Rappelons-nous ces images terribles de squats ravagés par des incendies où beaucoup d’étrangers (en situation régulière ou non) ont péri en août dernier… et ces autres squats vidés par la police les jours suivants, plus par souci médiatique que par préoccupation humanitaire.
Nous avons été révoltés par les évènements récents du Maroc où la police a abattu froidement des hommes qui tentaient d’escalader les barbelés … et où ensuite des centaines d’autres ont été reconduits et abandonnés au milieu du désert.
Mais savons-nous qu’il y a aujourd’hui en France une véritable « chasse » aux étrangers sans-papiers ?
des enfants arrêtés dans les écoles pour les conduire en centre de rétention ou pour forcer leurs parents sans-papiers à se livrer.
des arrestations sur les marchés, dans les jardins publics ou à domicile, comme le 18 octobre dernier où la police a débarqué, à 7 heures du matin, chez Mme X, (en France depuis 2001, bien intégrée dans son village normand après avoir fui son pays, le Congo, où elle avait subi de nombreux sévices), et l’a emmenée on ne sait où, alors qu’elle avait entrepris les démarches en vue de se marier avec un français.
des centres de rétention où l’on sépare les familles (comme cette famille de St Brieuc où le mari se retrouve dans l’Est de la France et sa femme à Oissel près de Rouen).
Savons-nous l’extrême difficulté aujourd’hui d’obtenir l’asile politique en France,(même si des articles de presseindiquent que telle personne est recherchée par la police politique de son pays, que tel membre de sa famille vient d’y être assassiné …).
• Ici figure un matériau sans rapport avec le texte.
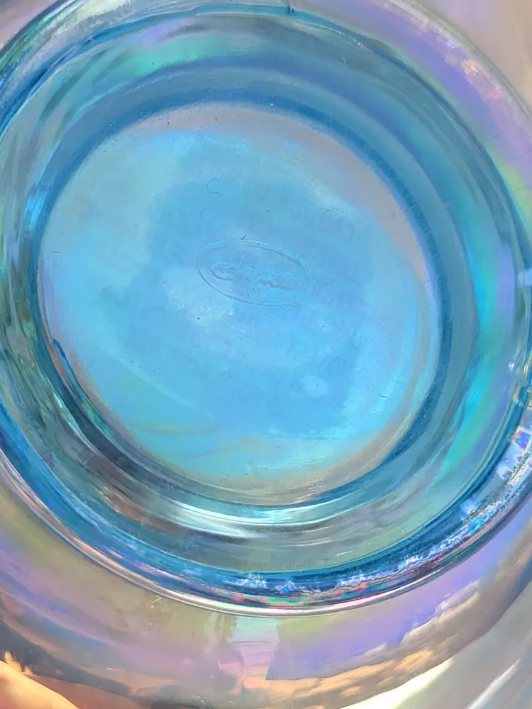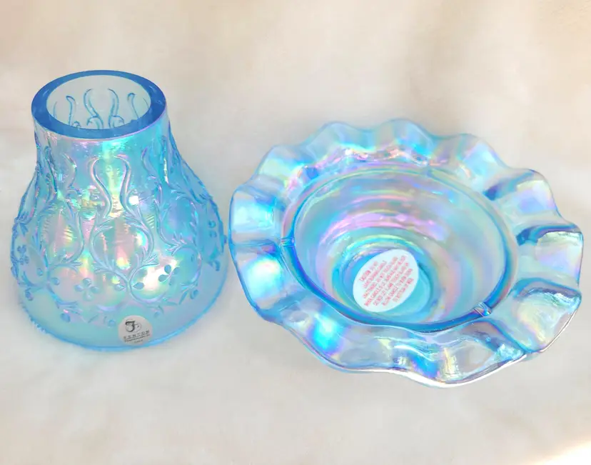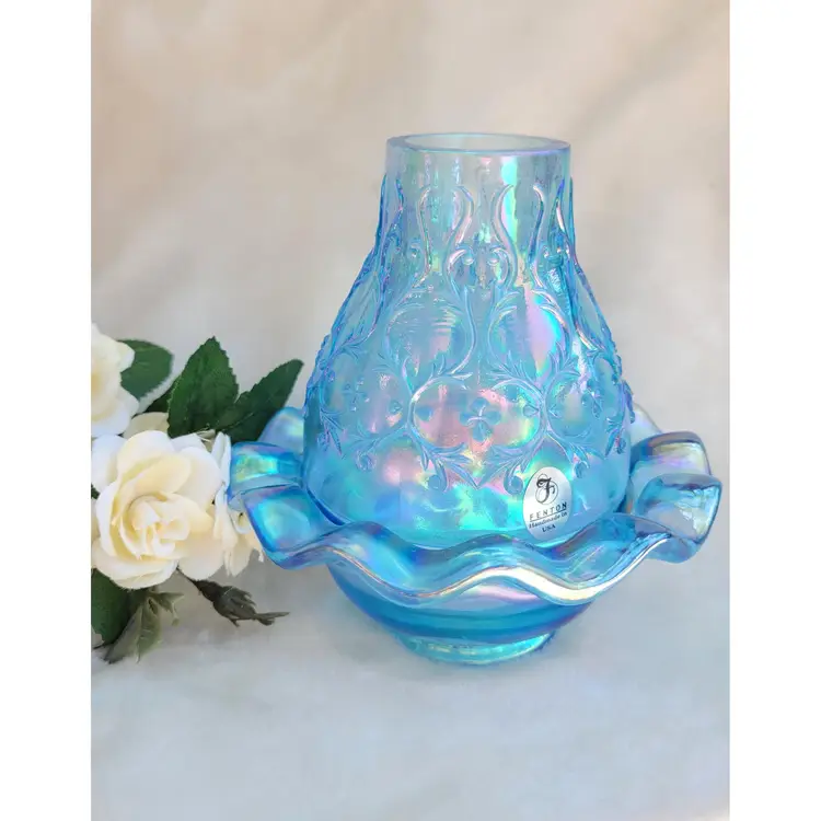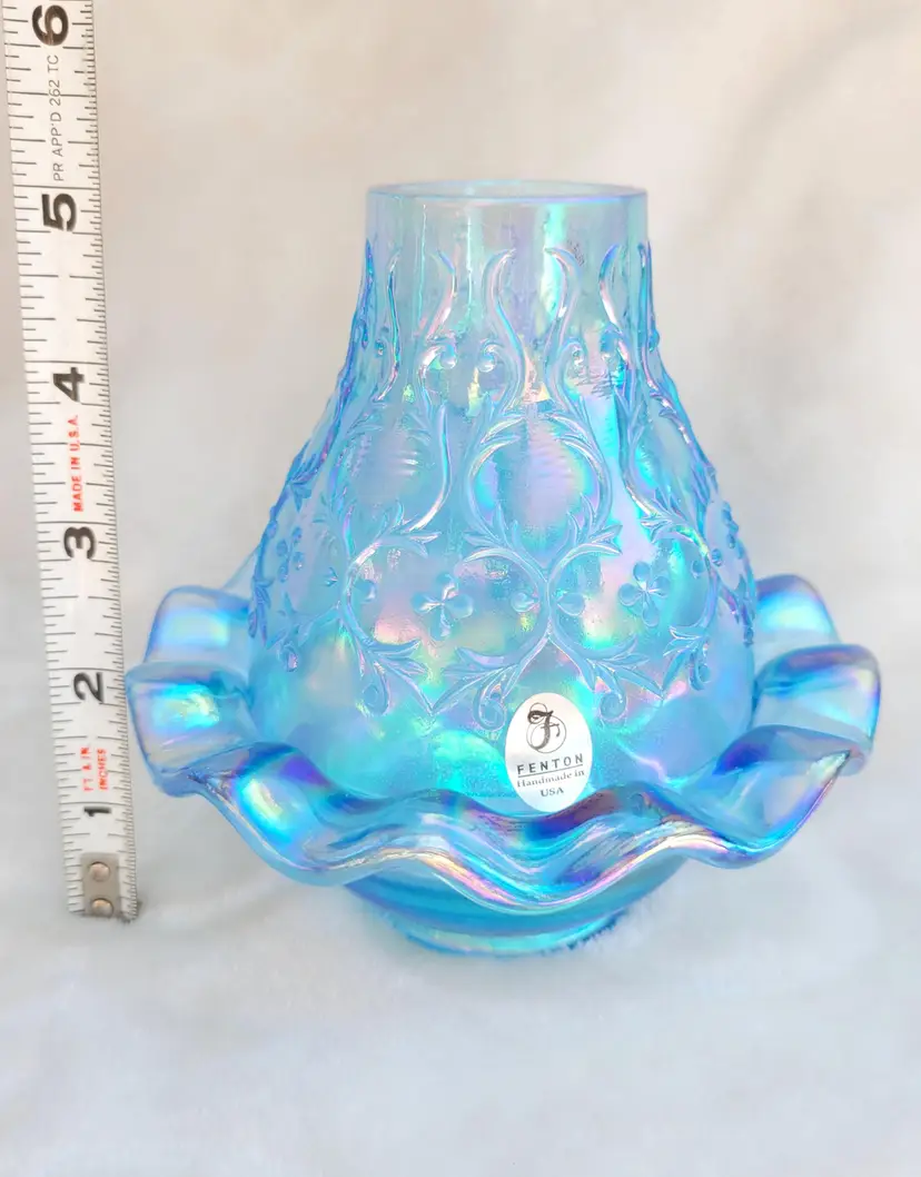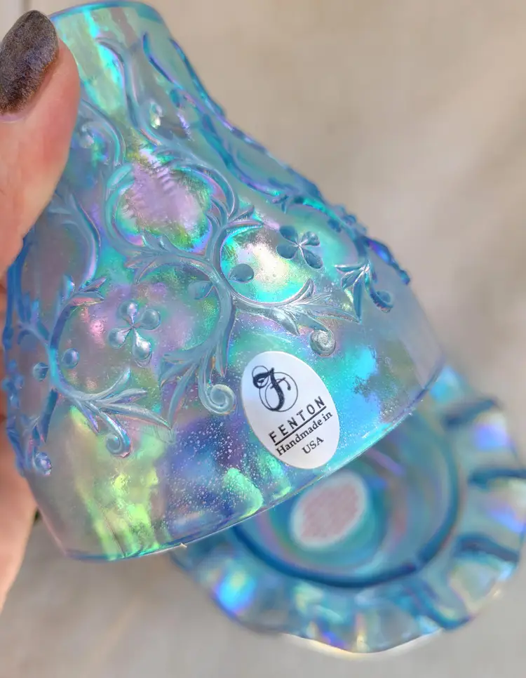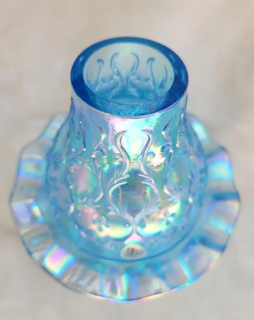 Ethereal opalescent blue carnival glass fairy lamp by famed glassmaker Fenton, with the original sticker. This is an early 1900s Fenton pattern that was brought back in the 70s which was when this was made. In good condition with no flaws that I could see, please see pictures for details and measurements.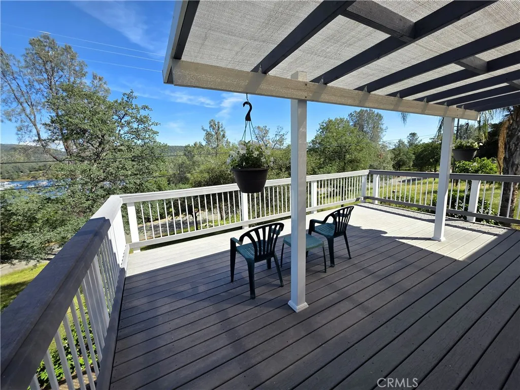 Beautifully upgraded custom home located on the lakeside of Kelly Ridge, offering stunning views of Lake Oroville. This spacious 3-bedroom, 2-bathroom home features approximately 2,132 sq ft of living space with an expanded floor plan that enhances the kitchen, formal dining room, and bedrooms for added comfort and functionality. The primary suite includes a large walk-in closet along with a walk-in tub and separate shower. Situated on a .27-acre lot bordering Lake Oroville State Park, the property offers privacy, scenic surroundings, and a quiet setting on a shared driveway with only a few neighboring homes. The oversized 22x28 garage includes wheelchair-accessible entry to the home, and the property also features RV parking plus additional parking spaces. Inside, the home has been thoughtfully updated with granite countertops and backsplash, waterproof vinyl flooring, a pellet stove, and a spacious pantry with utility sink behind stylish barn doors. Energy efficiency is enhanced with added insulation, a solar system, and a Heat Shield attic treatment. Additional features include a Generac backup generator, walk-in tub (installed 2025), and well-maintained HVAC system. Outdoor living is just as impressive with a large Trex deck and sunshade, terraced landscaping with retaining walls, drip irrigation for fruit trees and shrubs, and a fully fenced perimeter with deer fencing. Recent improvements include gutter leaf guards and RoofMaxx treatment for extended roof life. This property combines comfort, functionality, and incredible lake views, ideal for full-time living or a peaceful retreat. Buyers to verify any and all information to their satisfaction.

Pour accéder à la préfecture, beaucoup d’étrangers doivent passer la nuit dehors à attendre leur tour… et souvent revenir plusieurs fois de suite.
Cette « chasse » généralisée aux étrangers n’est pas l’effet du hasard mais l’application d’instructions données le 9 septembre dernier par le ministre de l’Intérieur aux préfetsles enjoignant d’atteindre l’objectif de 23000 éloignements d’étrangers en situation irrégulière en 2005 et les appelant, surtout « les préfets dont les résultats sont inférieurs à la moyenne » à « accentuer l’effort ».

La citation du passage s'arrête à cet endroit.